Atharva Kulkarni

profile_circle.png

Hello ! I am a second year Masters of Language Technologies (MLT) student in the Language Technologies Institute, School of Computer Science at Carnegie Mellon University, advised by Barnabás Póczos. My research interests lie at the intersection of machine learning and natural language processing, with a particular focus on:

  • Analyzing and enhancing generalization, robustness, and fairness of present-day neural networks (particularly LLMs).
  • Learning with limited data, active learning, data valuation algorithms, and data-centric machine learning.
  • Parameter efficient machine learning.

Currently, I am working on information theoretic measures for improving fairness and robustness of ML/NLP systems.
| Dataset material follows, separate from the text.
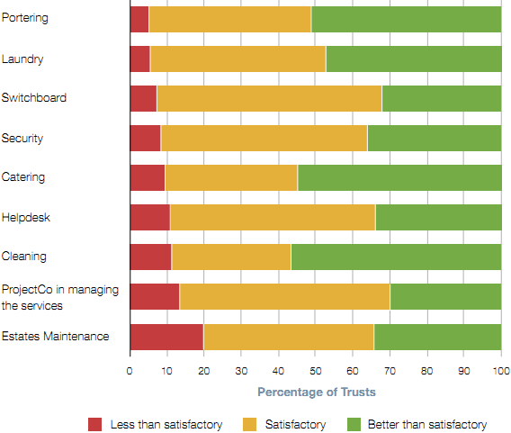 2.3 Twenty-four Trusts (33 per cent) rated at least one service as below satisfactory (Figure 9 on page 22) and no Trust rated all services as excellent. Maintenance services and the ProjectCo's performance in managing the contract were the areas most frequently cited as underperforming. But the issues that Trusts raised varied (Figure 10 overleaf) and our analysis did not identify a clear set of causes for dissatisfaction. The age of the contract, the subcontractors providing services, or the level of resource invested in contract management are not correlated with the level of satisfaction.
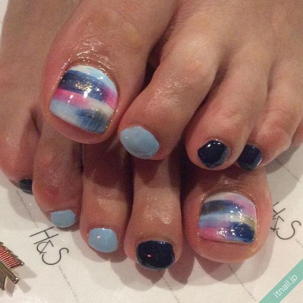寒色ブランケットネイルで爽やかフット

I’ve also been fortunate to collaborate with several esteemed facutly at CMU, such as Graham Neubig, Aditi Raghunathan, Ameet Talwalkar, Emma Strubell, and David R. Mortensen, on various research projects that analyze and improve generalization and efficiency of neural networks. For the summer of 2023, I interned with Apple Research (Siri), investigating the emergent capabilities of LLMs for dialog applications.

Before coming to CMU, I was a Predoctoral Researcher / Research Associate with Prof. Tanmoy Chakraborty at the Laboratory for Computational Social Systems (LCS2), IIIT Delhi working on various research projects in NLP, multimodal machine learning, social computing, and conversational systems. My research has been published at top NLP/ML conferences such as ACL, EMNLP, EACL, SIGKDD, and IJCAI.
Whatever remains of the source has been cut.